Low-pressure arc discharge lamps, such as fluorescent lamps, are well known in the art and typically include a pair of cathodes made of a coil of tungsten wire upon which is deposited a coating of an electron-emissive material consisting of alkaline metal oxides (i.e., BaO, CaO, SrO) to lower the work function of the cathode and thus improve lamp efficiency. With electron-emissive material disposed on the cathode filament, the cathode fall voltage is typically about 10 to 15 volts. However, at the end of the useful life of the lamp when the electron-emissive material on one of the cathode filaments becomes depleted, the cathode fall voltage quickly increases by 100 volts or more. If the external circuitry fails to limit the power delivered to the lamp, the lamp may continue to operate with additional power being deposited at the lamp cathode region. By way of example, a lamp which normally operates at 0.1 amp would consume 1 to 2 watts at each cathode during normal operation. At end-of-life, the depleted cathode may consume as much as 20 watts due to the increase in cathode fall voltage. This extra power can lead to excessive local heating of the lamp and fixture.
Small diameter (e.g., T2 or 1/4 inch) fluorescent lamps generally have very high ignition voltage requirements necessitating the use of ballasts with open circuit output voltages which may exceed 1000 volts. Such voltage levels are enough to sustain a conducting lamp with an arc drop of 50 to 150 volts with a depleted cathode and an end-of-life cathode fall voltage of 200 volts. In this example, the lamp would run at nearly rated current because the excess voltage would be mostly dropped across the output impedance of the ballast. Since the cathodes in these small diameter T2 lamps are placed much closer to the internal tube wall than in larger diameter lamps, less cathode power is needed to overheat the glass in the area of the cathode. In such T2 diameter lamps, it would be desirable to limit the increase in cathode power to about 4 watts in order to avoid excessive local heating.
Various attempts have been made to provide over-voltage or over-current protection in inverter-type ballasts in order to prevent circuit damage due to excessive load power.
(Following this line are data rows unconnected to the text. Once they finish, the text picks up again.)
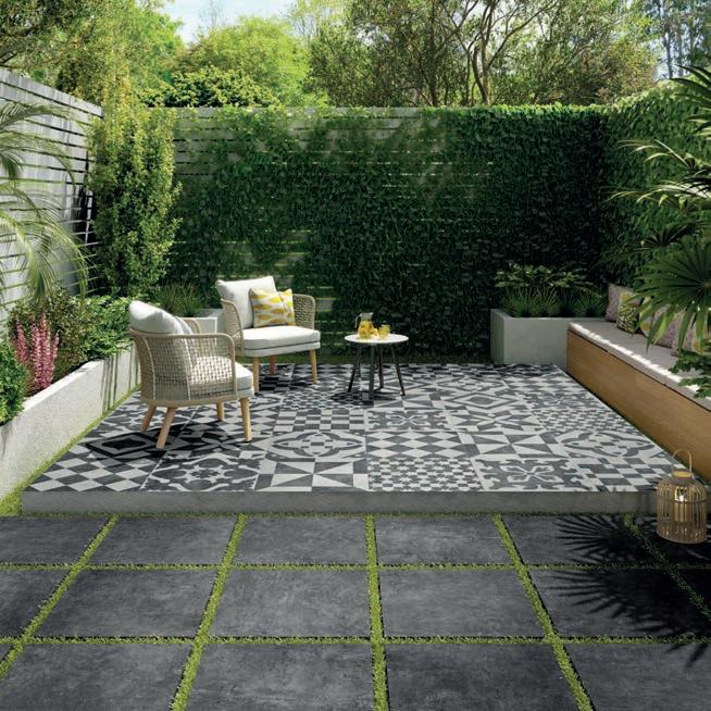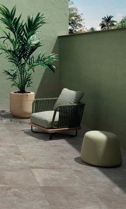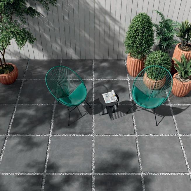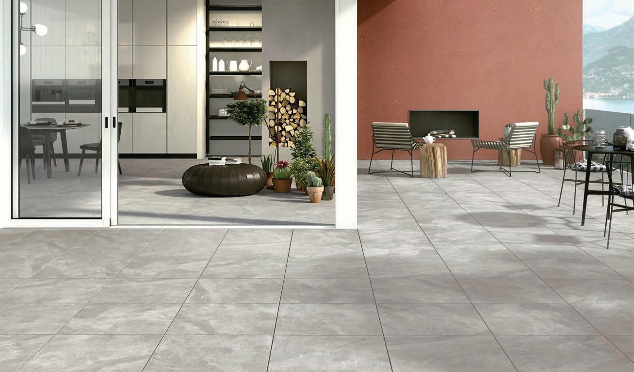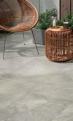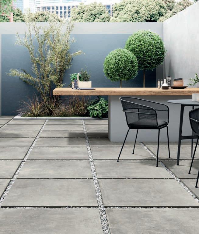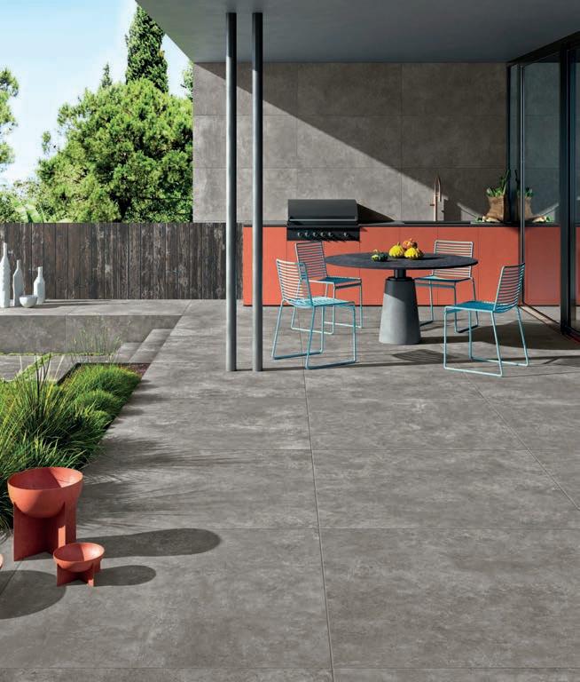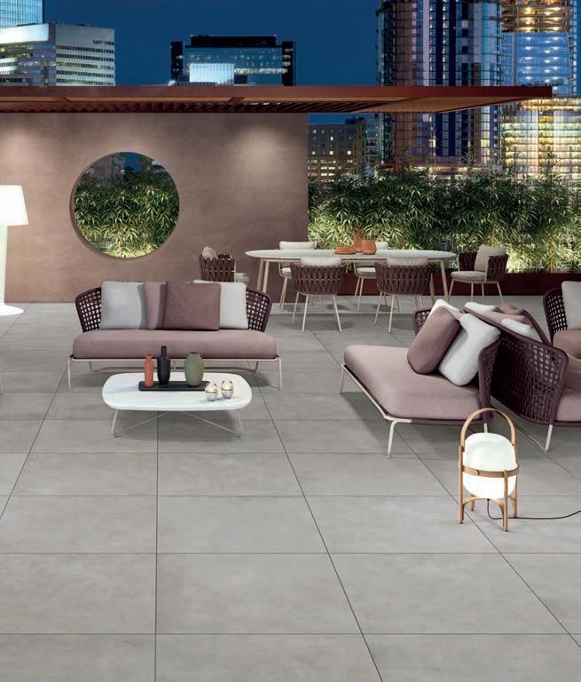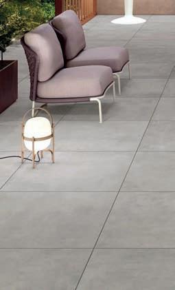 Sintesi ofrece una amplia gama de pavimentos con un acabado específico para espacios exteriores, tanto en espesor estándar coordinado con pavimentos de interior, como en losas con espesor extra de 20 mm que ofrecen múltiples posibilidades de colocación, incluso sobre césped, arena o grava.
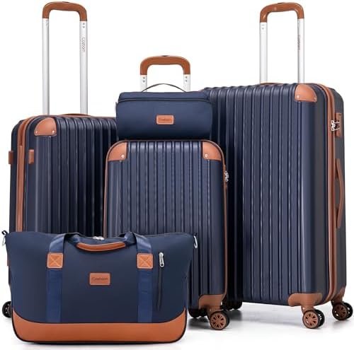 【5 Piece Luggage Set】Luggage sets include a 28-inch large suitcase, 24-inch medium checked luggage, 20-inch carry on luggage, an extended duffel bag, and a toiletry bag. Both the duffel bag and toiletry bag are made from mild, water-resistant polyester fabric. The duffel bag features a back sleeve so you can conveniently attach it to the retractable luggage handle. It is equipped with multiple functional pockets to meet different travel needs.
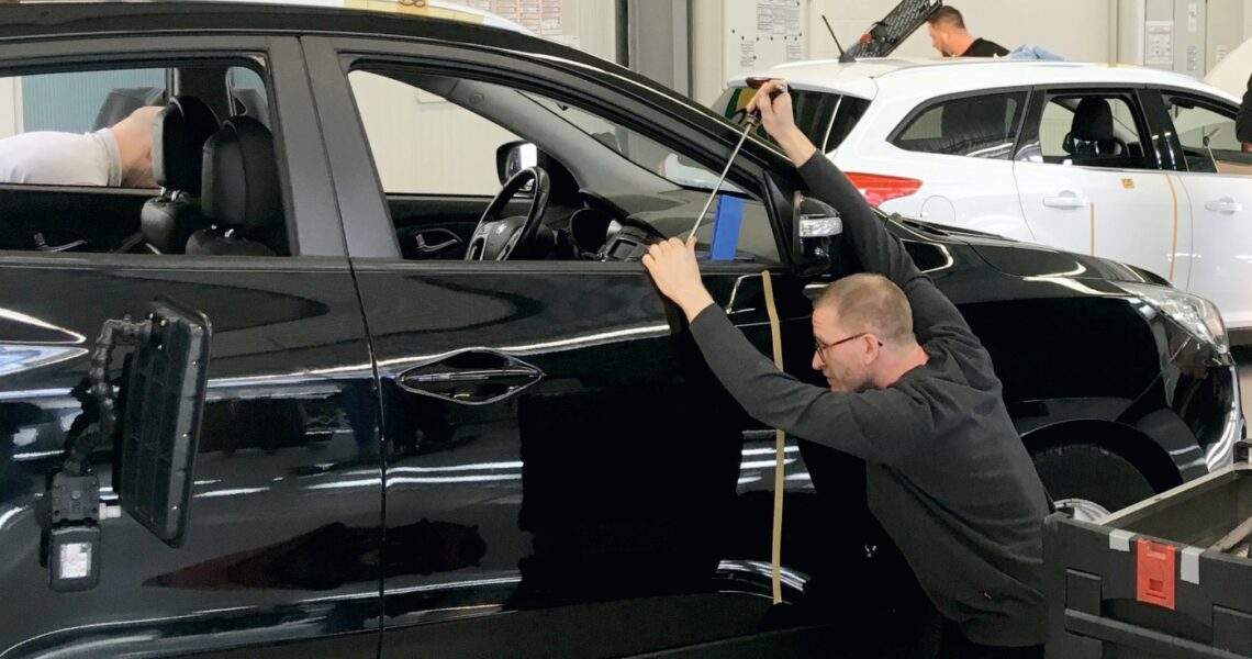 Beim Ausbeulen gibt es keine Universallösung, da jeder Schaden anders ist. Manchmal erfordert die Position der Delle sanfte Klebetechnik, in anderen Fällen ist die klassische Drücktechnik mit einem Hebel der bessere Weg. Wir bieten dir verschiedene Systeme an, damit du flexibel bleibst.
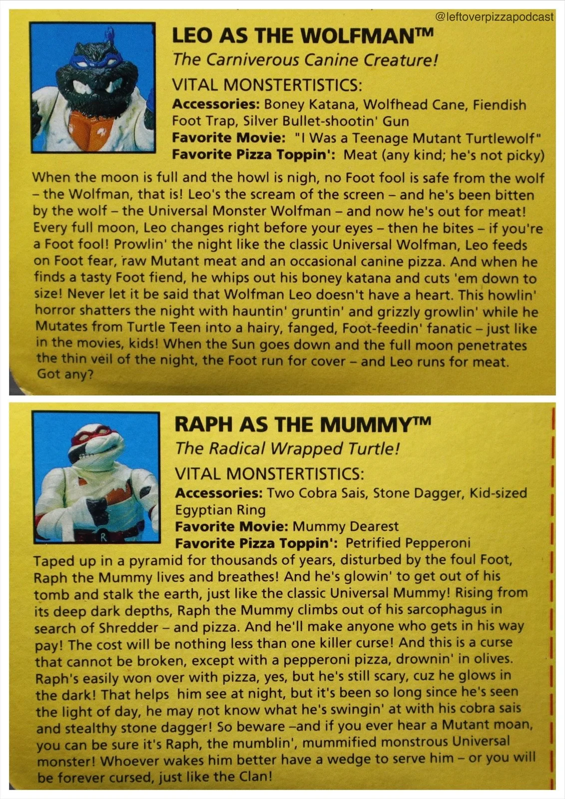 The initial wave included Leonardo as the Wolfman, Donatello as Dracula, Michelangelo as Frankenstein's Monster, and Raphael as the Mummy. True to form, Playmates Toys equipped each figure with a unique character biography and a close up weapons list on the packaging. I've taken the liberty of photographing these for posterity. They're worth a read, if only to appreciate the beautiful absurdity of concepts like "bolt-handled nunchucks" and Donatello's newfound "thirst for the blood of foolish Foot villagers." If all that wasn’t enough, these dudes GLOW IN THE DARK!
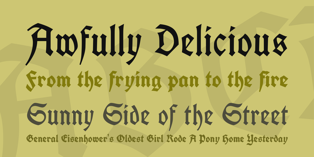 UnifrakturCook has first been published in 2010 at UnifrakturCook. It has been edited with FontForge, the libre outline font editor. OpenType features have been added with FontForge directly. AAT features have been added with ftxenhancer of the Apple Font Tools. Graphite has been added with the Graphite Compiler. For more information about AAT and Graphite, you may want to check out the Free Tengwar Font Project: Adding Graphite and AAT to a font.
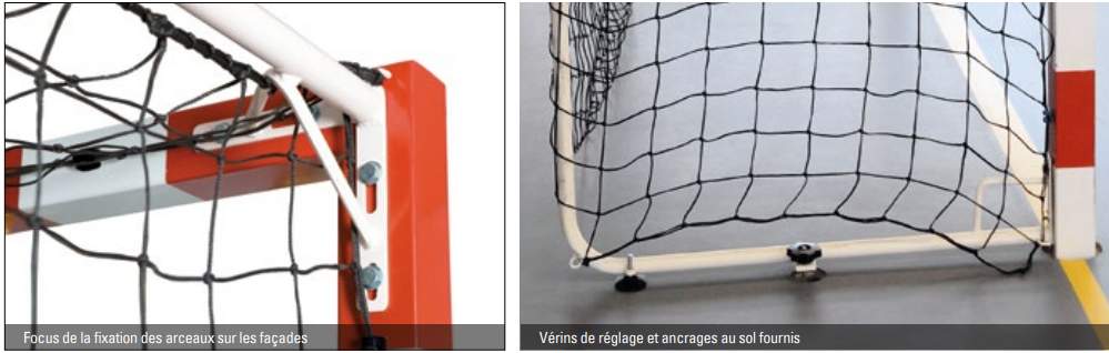 La barre de stabilisation à fixer au sol, les vérins de réglage et les ancrages fournis garantissent une stabilité optimale à chaque match.
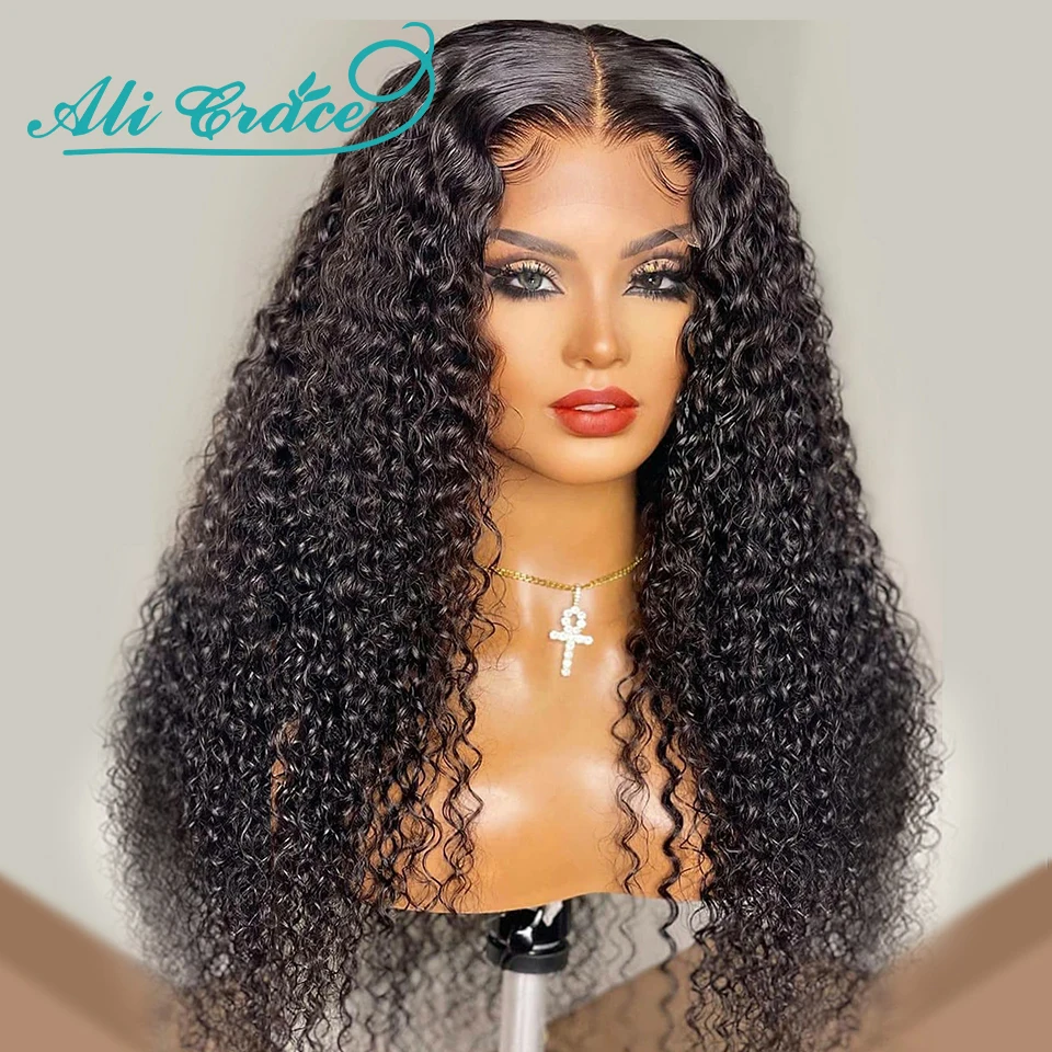 Парики Ali Grace, бразильские кудрявые вьющиеся человеческие волосы, предварительно выщипанные, 13x6 дюймов, парик с сеткой спереди, волосы Реми, глубокие кудрявые, парики спереди на сетке
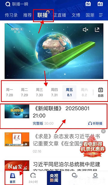 1、打开后就是首页,在首页的最上方有个“联播”,点击“联播”,中间有“周一,周二”等日期,想看哪天的新闻就点哪天,紧挨着日期下面的视频,点进去看了。
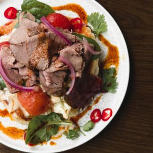 Яловичина слайсами (ростбіф), яєшня скрамбл, чері, крем-сир, соус вітело, зелень,цибуля,кінза та чилі.
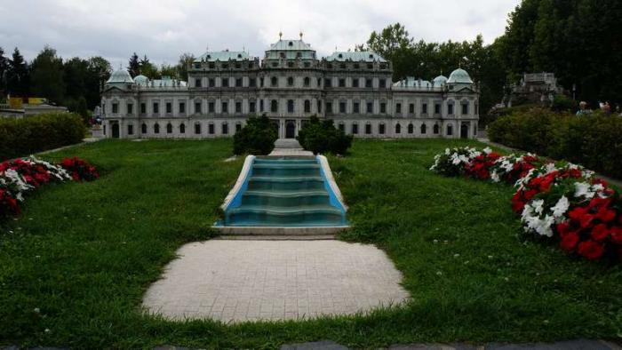 На сегодня у нас запланирован парк «Минимундус». Всего 15 км и мы на месте. Парк небольшой. Ничего грандиозного там нет, но очень зелено и красиво. Там представлены достопримечательности разных стран в уменьшенном виде, сделанные из тех же материалов, что оригиналы. России нет…

For example, U.S. Pat. No. 5,262,699, which issued to Sun et al on Nov. 16, 1993, describes an inverter-type ballast having means for detecting a relatively large increase in current resulting from a resonant mode or open circuit (i.e. no load) condition. The inverter is disabled whenever the lamp is removed or if the lamp fails to ignite. Depletion of emissive material on one or more of the lamp electrodes, which prevents the lamp from igniting, will cause such an open circuit condition.
U.S. Pat. No. 4,503,363, which issued to Nilssen on Mar. 5, 1985, describes an inverter-type ballast having a subassembly which senses the voltage across the output of the ballast. When an open circuit condition is detected at the input of the subassembly, resulting from the removal of a lamp from one of its sockets or the failure of a lamp to ignite, the inverter is disabled.
While the disabling circuits of U.S. Pat. Nos. 5,262,699 and 4,503,363 may be effective at disabling the inverter upon detection of a relatively large increase in current or voltage, these circuits are ineffective at responding to relatively small increases in cathode fall power.
"Quicktronic" inverter ballasts manufactured by OSRAM GmbH for operating "Dulux DE" compact fluorescent lamps monitor an increase in ballast input power by sensing supply voltage which is boosted with RF feedback from the lamp. Effectively, lamp voltage is sensed since lamp current is somewhat constant in the ballast over the sense range. An increase in input power of about 6 to 10 watts with a .+-.2 watt tolerance is required to disable the inverter. Due to the drawbacks of voltage sensing as discussed above, this approach is best suited for sensing very large voltage increases such as a lamp no start or open circuit load condition. Moreover, this approach requires tight control of circuit component tolerances which adds to cost and reduces load flexibility.